The problem.
From the line containing "Fun square poster" through the last line of the material, copy every line exactly, both ends inclusive; do not copy pictures.

Materials provided.
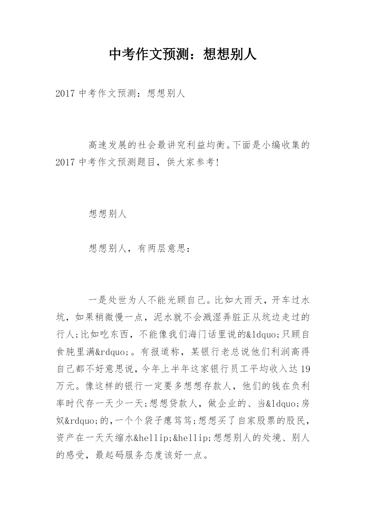 中考作文预测:想想别人2017中考作文预测:想想别人高速发展的社会最讲究利益均衡。下面是小编收集的2017中考作文预测题目,供大家参考!想想别人想想别人,有两层意思:一是处世为人不能光顾自己。比如大雨天,开车过水坑,如果稍微慢一点,泥水就不会溅湿弄脏正从坑边走过的行人;比如吃东西,不能像我们海门话里说的“只顾自食肫里满”。有报道称,某银行老总说他们利润高得自己都不好意思说,今年上半年这家银行员工平均收入达19万元。像这样的银行一定要多想想存款人,他们的钱在负利率时代存一天少一天;想
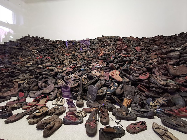 Scarpe raccolte e conservate nel museo di Auschwitz - CC BY-SA 3.0 - immagine da Wikipedia - Author Pensierarte
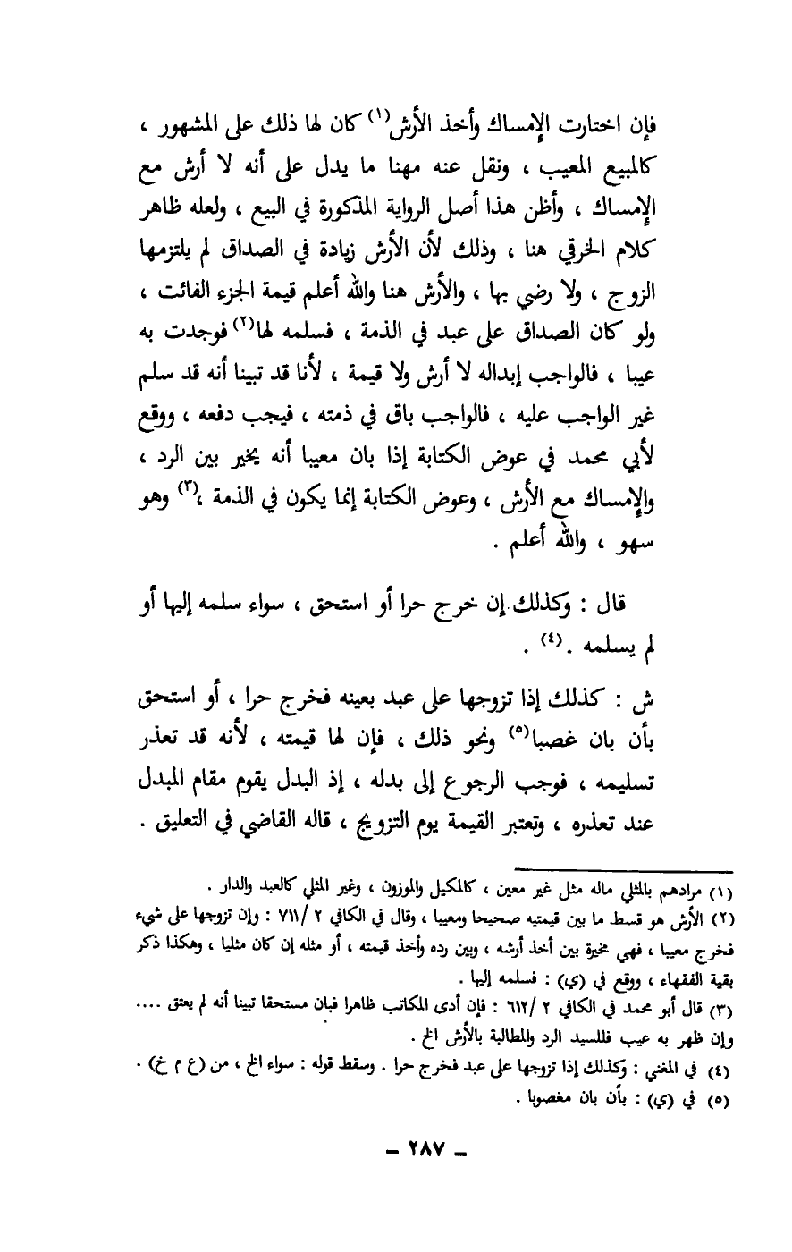 فإن اختارت الإمساك وأخذ الأرش كان لها ذلك على المشهور، كالمبيع المعيب، ونقل عنه مهنا ما يدل على أنه لا أرش مع الإمساك، وأظن هذا أصل الرواية المذكورة في البيع، ولعله ظاهر كلام الخرقي هنا، وذلك لأن الأرش زيادة في الصداق لم يلتزمها الزوج، ولا رضي بها، والأرش هنا والله أعلم قيمة الجزء الفائت، ولو كان الصداق على عبد في الذمة، فسلمه لها فوجدت به عيبا، فالواجب إبداله لا أرش ولا قيمة، لأنا قد تبينا أنه قد سلم غير الواجب عليه، فالواجب باق في ذمته، فيجب دفعه، ووقع لأبي محمد في عوض الكتابة إذا بان معيبا أنه يخير بين الرد، والإمساك مع الأرش، وعوض الكتابة إنما يكون في الذمة، وهو سهو، والله أعلم.
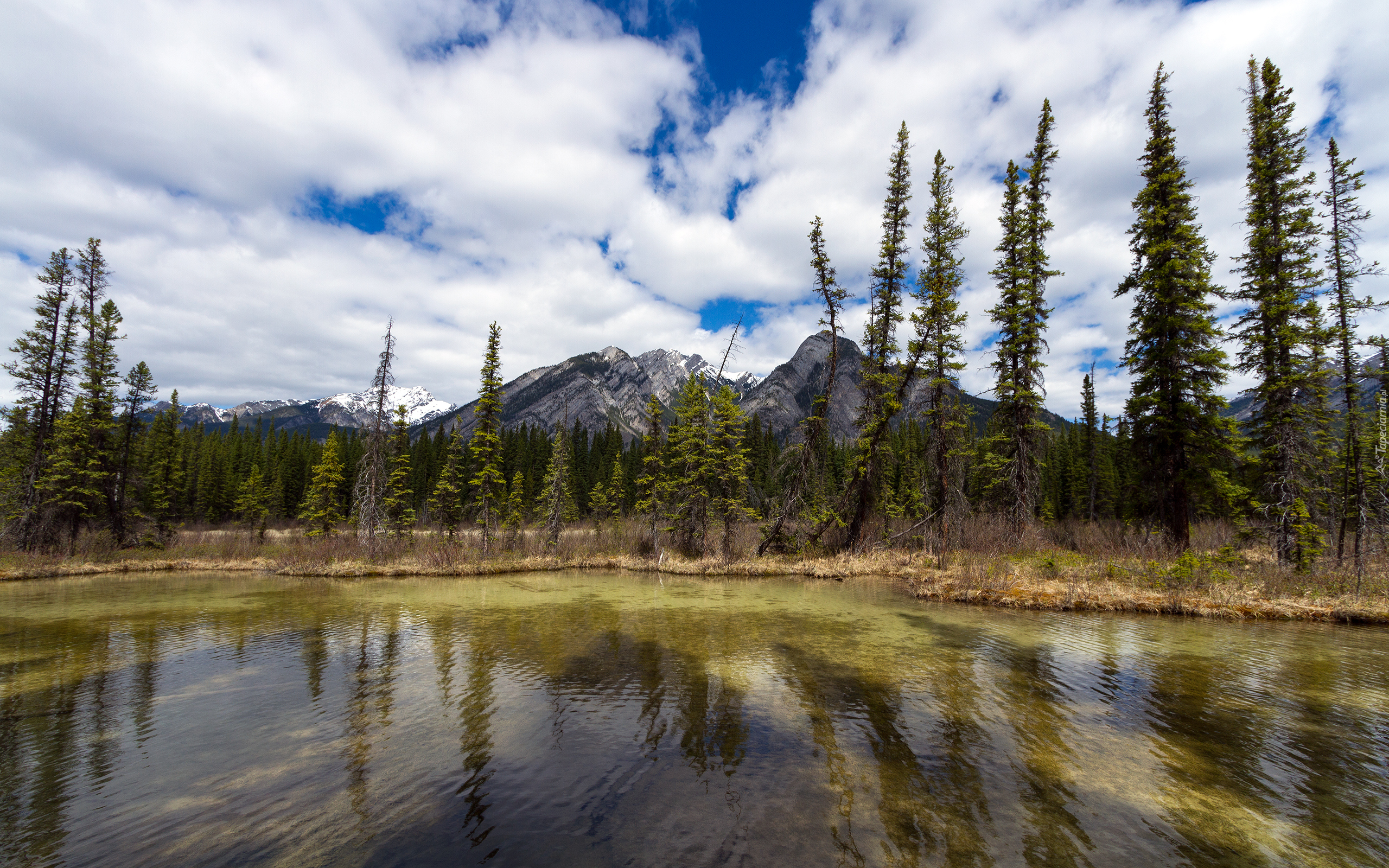Edytor tapety: Widok z brzegu jeziora na szczyty gór
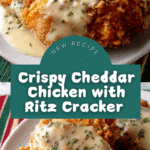 Keywords: Crispy chicken, cheddar chicken, baked chicken recipe, Ritz cracker crust, easy dinner, cheesy chicken
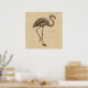Fun square poster design features brown tinted flamingo bird illustration on light tan "burlap" background
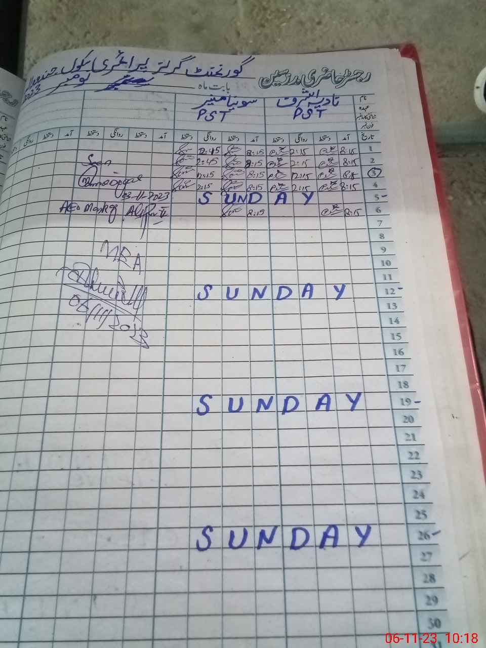 | Name: NA**** AS**** Designation: (School Headmaster's/Headmistress's) PST Phone/Cell Number: 03**** |

Output for this task.
Fun square poster design features brown tinted flamingo bird illustration on light tan "burlap" background
 | Name: NA**** AS**** Designation: (School Headmaster's/Headmistress's) PST Phone/Cell Number: 03**** |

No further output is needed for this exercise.